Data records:
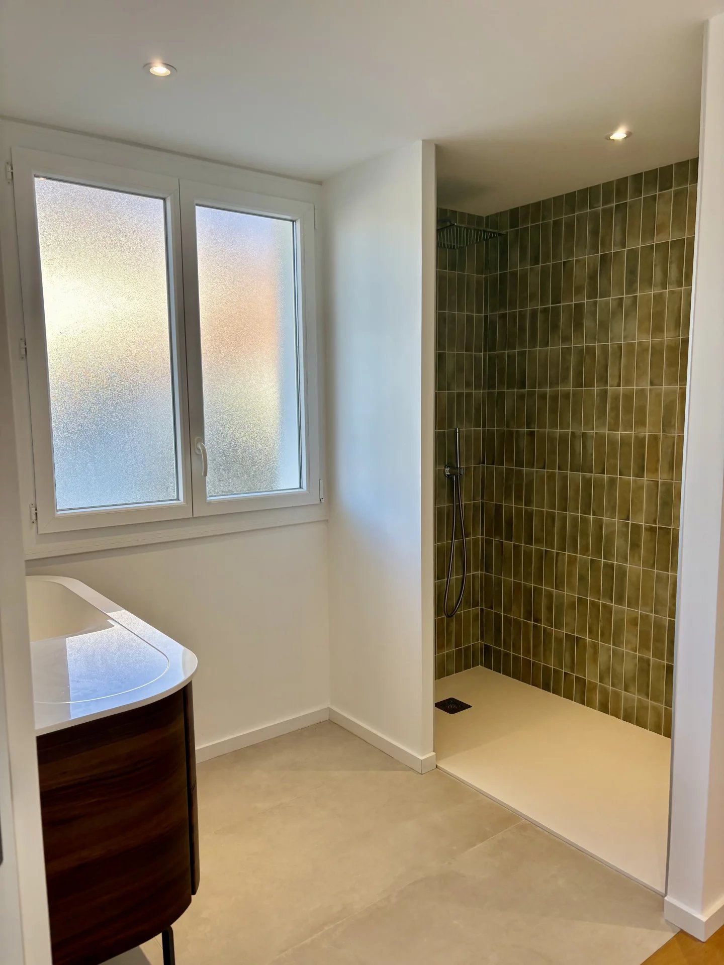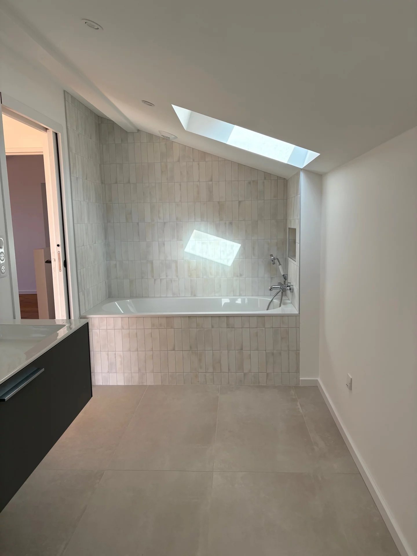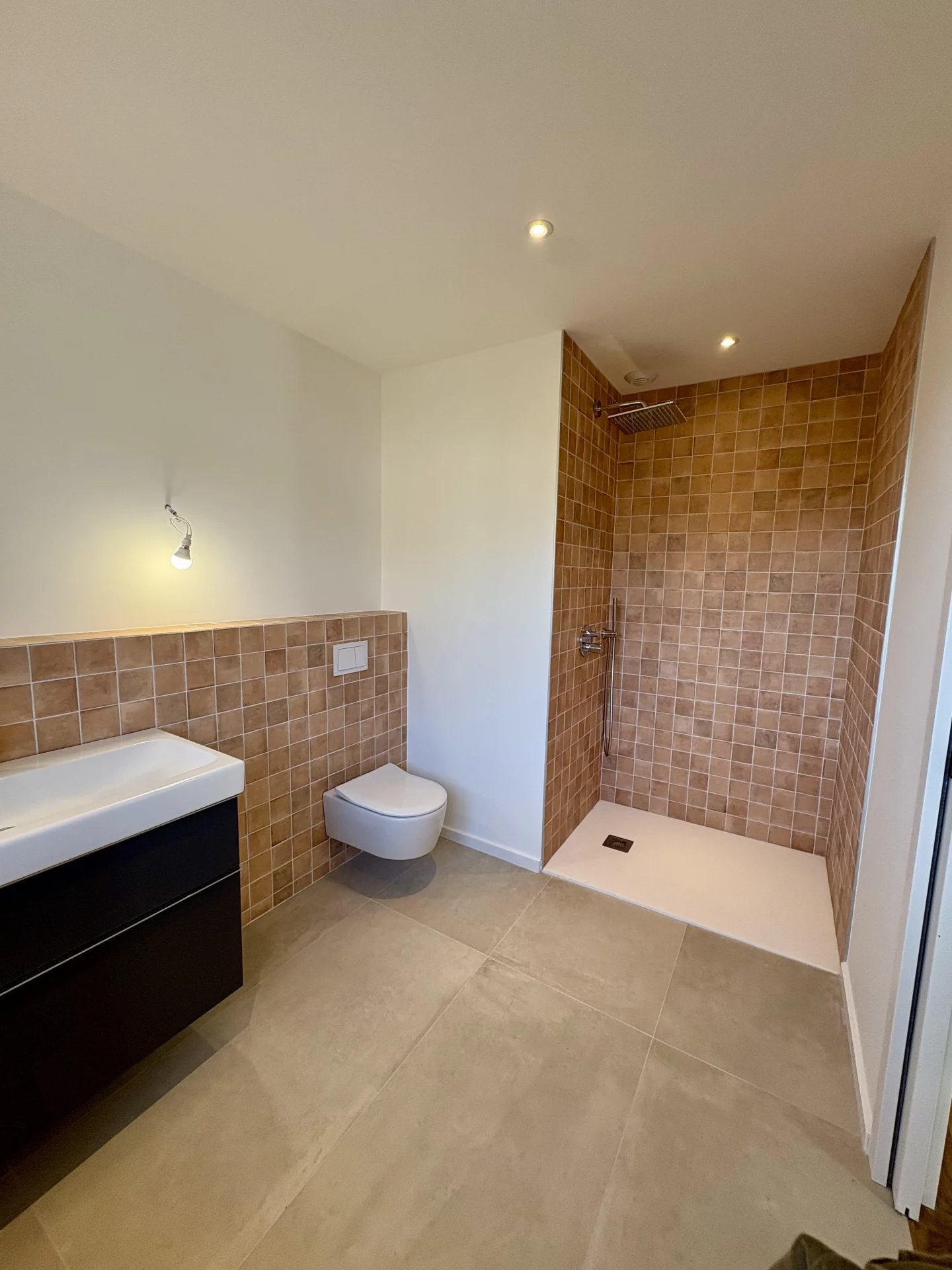 Dès l’entrée, un hall lumineux avec rangements dévoile nous mène à une pièce de vie conviviale et élégante regroupant salon, salle à manger et cuisine.
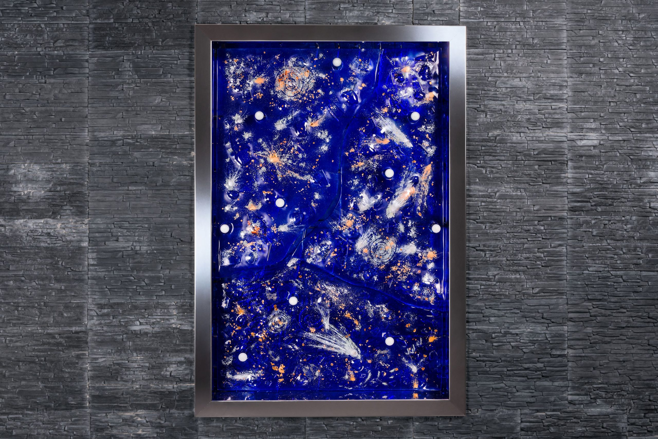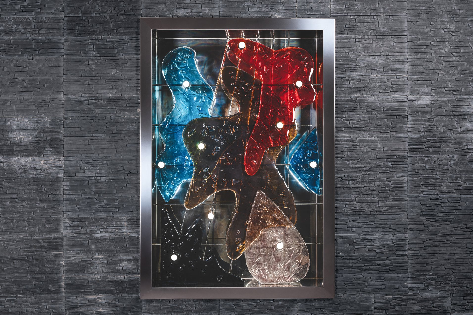 Motív tvorený farebnou škálou skla taveného pri teplote 820°C, ktorý má predstavovať abstraktné umelecké dielo. Je tvorený na objednávku a je jedinečný.
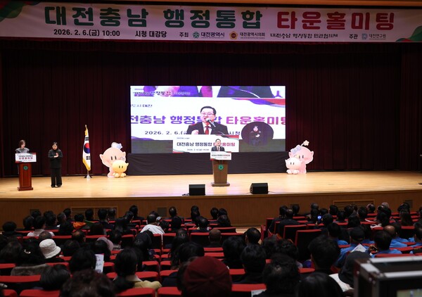 【SJB세종TV=황대혁 기자】 대전시는 6일 오전 10시 대전시청 3층 대강당에서 ‘대전․충남 행정통합 타운홀미팅’을 개최하고, 행정통합 특별법안을 둘러싼 주요 내용과 쟁점에 대해 시민들과 직접 소통하는 시간을 가졌다.
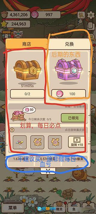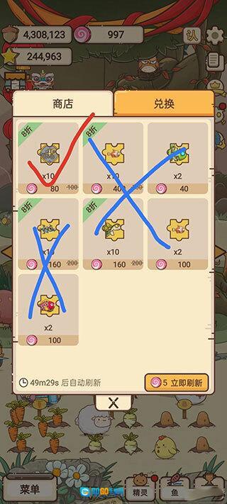 考虑到商店里那些限量供应的鱼类无法为我们带来额外收益,所以建议商店优先考虑购买建筑以及藏品碎片,因为这些物品能带来加成效果。
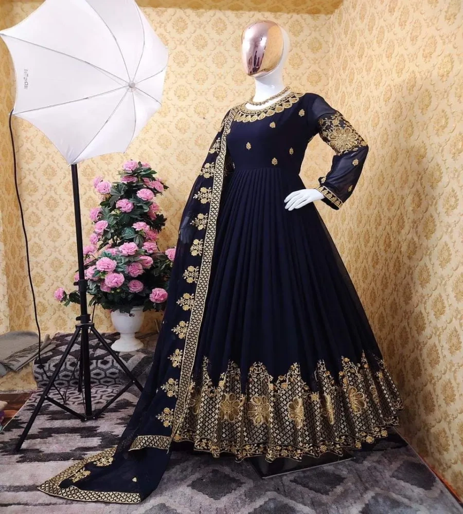সেমী স্টিচড জর্জেট এমব্রয়ডারি লং ফ্লোর টাচ আনারকলি পার্টি ড্রেস
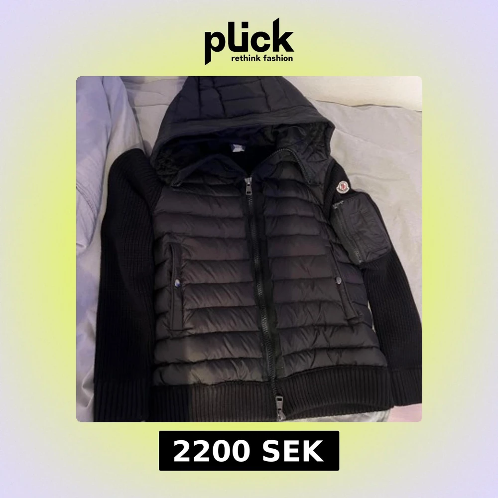 Säljer en svart pufferjacka från Moncler med stickade ärmar och huva. Jackan har dragkedja framtill, två fickor med knappar och Moncler-logga på ärmen. Perfekt för kyliga dagar och riktigt snygg streetstil.
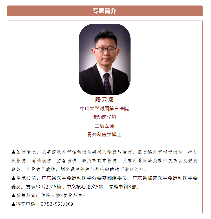 路云翔博士:擅长膝关节韧带损伤、半月板损伤、肩袖损伤、盂唇损伤、踝关节韧带损伤,关节内骨折等关节内疾病以及臀肌挛缩、坐骨结节囊肿、腘窝囊肿等关节外疾病的镜下微创治疗。
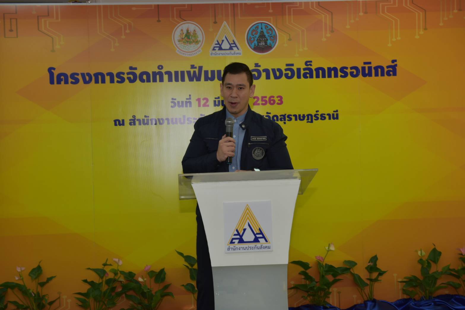 On March 12, 2020, at 10.00 hours, Assistant to the Labour Minister Dr. Duangrit Benjathukul Chairungrueng chaired the opening ceremony of the project to create electronic employer files today, which took place at the Surat Thani Social Security Office. Deputy Governor of Surat Thani Province Mrs. Jamjit Poonsawat gave a welcoming speech. The Social Security Office’s Inspector-General Mr. Boonsong Tapchaiyuth gave a report, and Surat Thani Social Security Officer Mrs. Marasri Jairangsri gave a welcoming. The Assistant to the Labour Minister said that in the implementation of the electronic employer file project, he thanked the Social Security Office for providing the project importance and for paying attention to the urgent policy of the Ministry of Labour. The Labour Minister assigned to the ministry’s executives to help develop its work and improve the level of service to people so that the Ministry of Labour can become a digital service ministry. The project aims to promote the civil service system by converting the paper-based system into electronic file storage. The Social Security Office has set a target of over 900,000 files. Today, the project commenced nationwide among agencies, which will be an essential mechanism for changing the work processes of the Ministry of Labour to drive to Thailand 4.0. He also requested the implementation of electronic file creation to be a success, to be able to serve employers, employees, and insurers as intended by the Social Security Office.
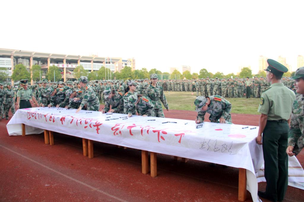 新生在“奋斗的大学∙幸福的人生∙强大的祖国”条幅上签名
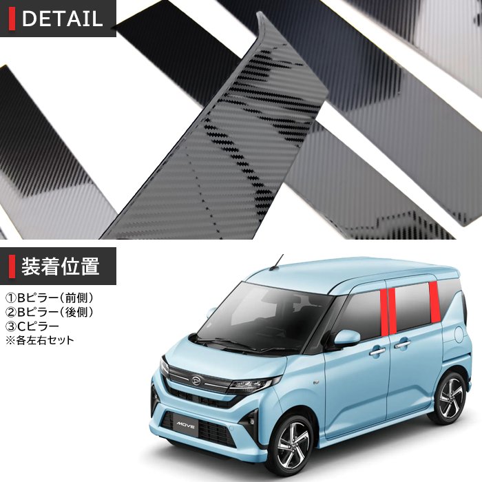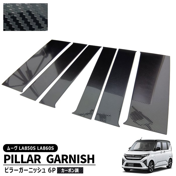 ダイハツ ムーヴ LA850S LA860S サイド ピラー ガーニッシュ 6Pセット カーボン調 新品 1台分 ウインドウ ウィンドウ カバー ムーブ
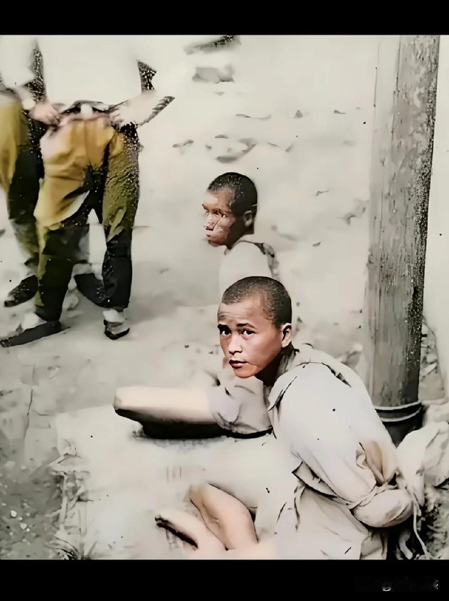 日本鬼子把这两个人五花大绑的绑在木杆子上,以日本鬼子的凶残狡诈,等待他们的结局是可想而知的。通过照片能够明显的感受到,这两人年纪不大,看样子都不一定到20岁,尤其是面对镜头的这个小伙,眉清目秀,长得非常的帅气,可惜他落入到日本鬼子的魔爪之中,凶多吉少,前途未卜!
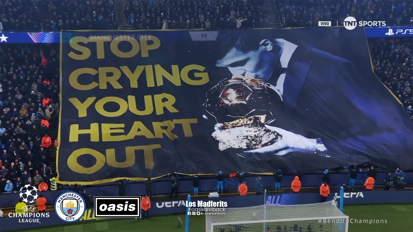 A bandeira tinha uma foto do meio-campista beijando o prêmio de melhor do mundo ao lado da frase "Stop crying your heart out" ("Pare de chorar com todo o seu coração", em livre tradução do inglês). A frase também intitula uma das principais músicas da banda inglesa Oasis.
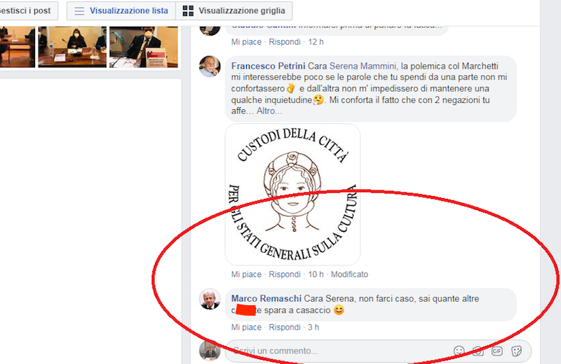 «L’assessore regionale all’agricoltura Marco Remaschi sulla mia bacheca Facebook personale scrive, in commento al post di una assessore comunale di Lucca, “sai quante cazzate spara a casaccio” rivolto a me. A me sulla mia bacheca».
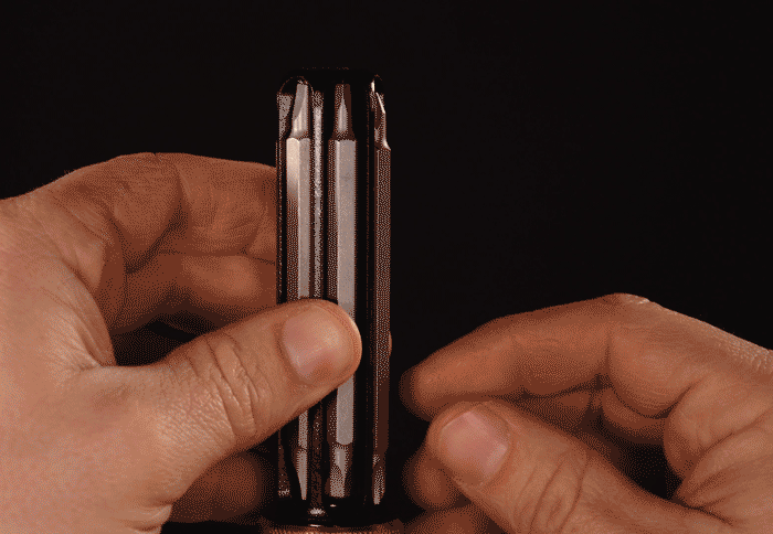 capable of holding up to 12 different screwdriver tips.
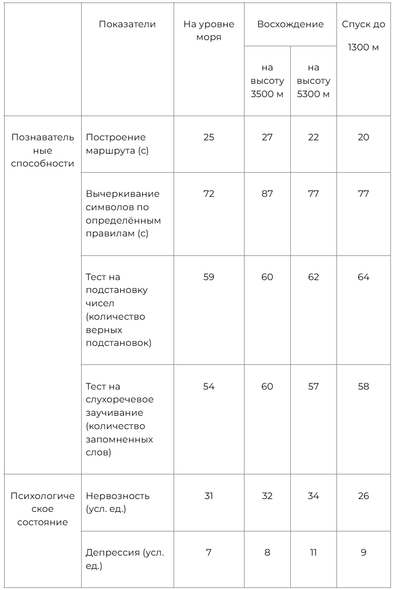 Проанализируйте таблицу «Показатели познавательных способностей и психологического состояния у туристов при восхождении на Эверест и спуске с горы».

> **YOUR TASK**: In your copy, include no pictures, but set down every record exactly.

> **ANSWER BOX**:
 Dès l’entrée, un hall lumineux avec rangements dévoile nous mène à une pièce de vie conviviale et élégante regroupant salon, salle à manger et cuisine.
 Motív tvorený farebnou škálou skla taveného pri teplote 820°C, ktorý má predstavovať abstraktné umelecké dielo. Je tvorený na objednávku a je jedinečný.
 【SJB세종TV=황대혁 기자】 대전시는 6일 오전 10시 대전시청 3층 대강당에서 ‘대전․충남 행정통합 타운홀미팅’을 개최하고, 행정통합 특별법안을 둘러싼 주요 내용과 쟁점에 대해 시민들과 직접 소통하는 시간을 가졌다.
 考虑到商店里那些限量供应的鱼类无法为我们带来额外收益,所以建议商店优先考虑购买建筑以及藏品碎片,因为这些物品能带来加成效果。
সেমী স্টিচড জর্জেট এমব্রয়ডারি লং ফ্লোর টাচ আনারকলি পার্টি ড্রেস
 Säljer en svart pufferjacka från Moncler med stickade ärmar och huva. Jackan har dragkedja framtill, två fickor med knappar och Moncler-logga på ärmen. Perfekt för kyliga dagar och riktigt snygg streetstil.
 路云翔博士:擅长膝关节韧带损伤、半月板损伤、肩袖损伤、盂唇损伤、踝关节韧带损伤,关节内骨折等关节内疾病以及臀肌挛缩、坐骨结节囊肿、腘窝囊肿等关节外疾病的镜下微创治疗。
 On March 12, 2020, at 10.00 hours, Assistant to the Labour Minister Dr. Duangrit Benjathukul Chairungrueng chaired the opening ceremony of the project to create electronic employer files today, which took place at the Surat Thani Social Security Office. Deputy Governor of Surat Thani Province Mrs. Jamjit Poonsawat gave a welcoming speech. The Social Security Office’s Inspector-General Mr. Boonsong Tapchaiyuth gave a report, and Surat Thani Social Security Officer Mrs. Marasri Jairangsri gave a welcoming. The Assistant to the Labour Minister said that in the implementation of the electronic employer file project, he thanked the Social Security Office for providing the project importance and for paying attention to the urgent policy of the Ministry of Labour. The Labour Minister assigned to the ministry’s executives to help develop its work and improve the level of service to people so that the Ministry of Labour can become a digital service ministry. The project aims to promote the civil service system by converting the paper-based system into electronic file storage. The Social Security Office has set a target of over 900,000 files. Today, the project commenced nationwide among agencies, which will be an essential mechanism for changing the work processes of the Ministry of Labour to drive to Thailand 4.0. He also requested the implementation of electronic file creation to be a success, to be able to serve employers, employees, and insurers as intended by the Social Security Office.
 新生在“奋斗的大学∙幸福的人生∙强大的祖国”条幅上签名
 ダイハツ ムーヴ LA850S LA860S サイド ピラー ガーニッシュ 6Pセット カーボン調 新品 1台分 ウインドウ ウィンドウ カバー ムーブ
 日本鬼子把这两个人五花大绑的绑在木杆子上,以日本鬼子的凶残狡诈,等待他们的结局是可想而知的。通过照片能够明显的感受到,这两人年纪不大,看样子都不一定到20岁,尤其是面对镜头的这个小伙,眉清目秀,长得非常的帅气,可惜他落入到日本鬼子的魔爪之中,凶多吉少,前途未卜!
 A bandeira tinha uma foto do meio-campista beijando o prêmio de melhor do mundo ao lado da frase "Stop crying your heart out" ("Pare de chorar com todo o seu coração", em livre tradução do inglês). A frase também intitula uma das principais músicas da banda inglesa Oasis.
 «L’assessore regionale all’agricoltura Marco Remaschi sulla mia bacheca Facebook personale scrive, in commento al post di una assessore comunale di Lucca, “sai quante cazzate spara a casaccio” rivolto a me. A me sulla mia bacheca».
 capable of holding up to 12 different screwdriver tips.
 Проанализируйте таблицу «Показатели познавательных способностей и психологического состояния у туристов при восхождении на Эверест и спуске с горы».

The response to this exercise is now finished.